A steel rod is 3cm in diameter at 25C. A brass ring has an interior diameter hole of 2.994cm at 25C. At what common temp will the ring just slide onto the rod?
alpha(steel)- 11x10^-6
alpha(brass)= 19x10^-6
To find the common temperature at which the brass ring will just slide onto the steel rod, we need to consider the thermal expansion of both materials.
The change in diameter of the steel rod (ΔD_steel) can be calculated using the formula:
ΔD_steel = α_steel * D_steel * ΔT
Where:
α_steel is the coefficient of linear expansion for steel (given as 11x10^-6)
D_steel is the initial diameter of the steel rod (3cm)
ΔT is the change in temperature.
Similarly, the change in diameter of the brass ring (ΔD_brass) can be calculated using the formula:
ΔD_brass = α_brass * D_brass * ΔT
Where:
α_brass is the coefficient of linear expansion for brass (given as 19x10^-6)
D_brass is the initial interior diameter of the brass ring (2.994cm)
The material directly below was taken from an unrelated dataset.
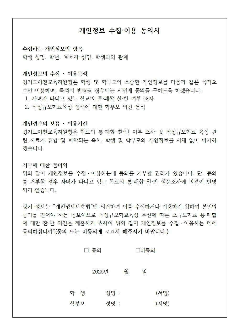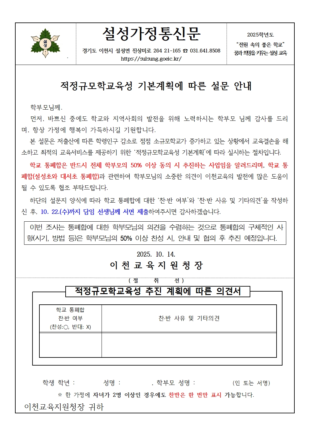 2025 적정규모학교육성 기본계획에 따른 설문 안내

Since we want the ring to just slide onto the rod, the change in diameter of the ring should be equal to the change in diameter of the rod. Therefore, we can set up the following equation:
ΔD_steel = ΔD_brass
Solving for ΔT:
α_steel * D_steel * ΔT = α_brass * D_brass * ΔT
Now, we can cancel out ΔT from both sides of the equation:
α_steel * D_steel = α_brass * D_brass
Substituting the given values:
11x10^-6 * 3 = 19x10^-6 * 2.994
Simplifying:
33x10^-6 = 57.186x10^-6
Finally, solving for ΔT:
ΔT = (57.186x10^-6) / (11x10^-6)
ΔT ≈ 5.20°C
Therefore, at a common temperature of approximately 5.20°C, the brass ring will just slide onto the steel rod.